"The scope of problems that our ecosystems and communities face has created both an urgency to do things at a collective scale and an opportunity to make transformative change."

BIO

Jaimie joined the NFF in October 2023 as the Collaborative Capacity Program Manager. Her program provides collaborative capacity to forest stewardship groups, Tribes and Indigenous communities, and historically excluded communities near National Forests across the U.S. Jaimie also contributes to environmental stewardship activities through facilitation support and technical assistance to partnerships, collaborative groups, and communities nationwide. She is based in Bellingham, Washington on the forever homelands of the Coast Salish peoples and the unceded territories of the Lummi Nation and Nooksack Tribe.

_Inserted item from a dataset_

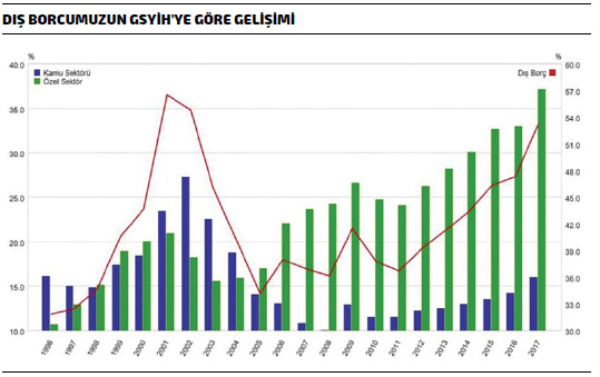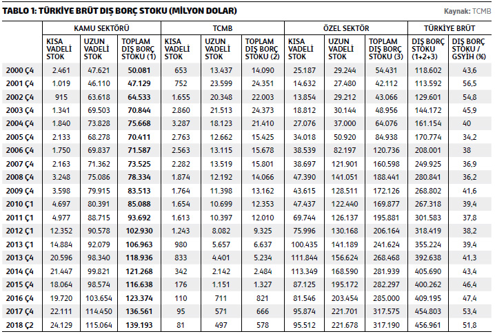 Küresel kriz sonrasında dünya piyasaları ve borsaları uzun vadeli yükseliş eğilimindeydi. Para bol ve ucuzdu. Faizler tarihin en düşük düzeyine gerilemişti. Böyle bir ortamda, geçen 10 yılda gelişmiş dünya borsaları yüzde 229, gelişmekte olan borsalar da yüzde 187 prim yaptı. Dünyada “bol ve ucuz para” döneminde Çin, Türkiye, Brezilya ve Güney Kore en hızlı F/X borçlanan ekonomiler olurken, finans sektörleri için kaynak bulmak hem ucuzladı hem de kolaylaştı. Bu kolaylık sayesinde gelen kaynaklar, borsa ve bono tahvil piyasalarını iyileştirirken Türkiye’nin büyümesini finanse edecek kredileri bulmayı da kolaylaştırdı. Türkiye’nin bu kadar kolay dış kredi bulabildiği ortamda, toplam dış borç stoku Merkez Bankası’nın verilerine göre 2002 yılı sonundaki 118 milyar dolardan, 2010 yılında 267 milyar dolara ve 2018 yılında 456 milyar dolara yükseldi. Tablo 1’den de izlenebileceği gibi, bu artışla birlikte dikkat çekici önemli detay ise 2010 yılında 85 milyar dolar olan kamu borcunun 2018 yılında 139 milyar dolara çıkması; 2010 yılında 169 milyar dolar olan özel sektör borcunun ise 2018 yılında 317 milyar dolara yükselmesiydi. Rakamlar, kamu borçlanmasına oranla esas borçlanmanın özel sektör tarafından gerçekleştirildiğini açıkça ortaya koyarken, Grafik 1’de, Türkiye’nin dış borcunun GSYİH’ye göre gelişimi de görülebilir. Özetle, Türkiye’nin son sekiz yıldaki büyümesinin ana finansmanı, kamu ve özel sektör borçlanması ile karşılanırken, Türkiye’nin borçlu olduğu bu 456 milyar doların alacaklısının da büyük ağırlıkla ABD’li ve Avrupalı bankalar ve kurumlar olduğunu belirtmeliyiz.
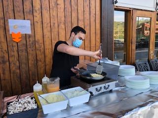 ארוחות בוקר צרפתיות-ישראליות המורכבות ממאפים, סלט, חביתות, פיצה, פסטה ומבחר רחב של גבינות.

Previously, Jaimie was a consultant and research fellow with The Stewardship Network where she facilitated strategic conversations with collaborative groups and conducted nationally based research on what collaborative groups need to achieve their landscape-scale, social, and ecological goals. She also spent eight years connecting communities through habitat stewardship and trail building projects on federal, state, and local public lands throughout the San Francisco Bay Area with the Golden Gate National Parks Conservancy.

Jaimie has a master’s degree in environmental studies from Western Washington University on the Puget Sound and a bachelor’s degree in geography and natural resources planning from Humboldt State University in the coast redwoods of northern California.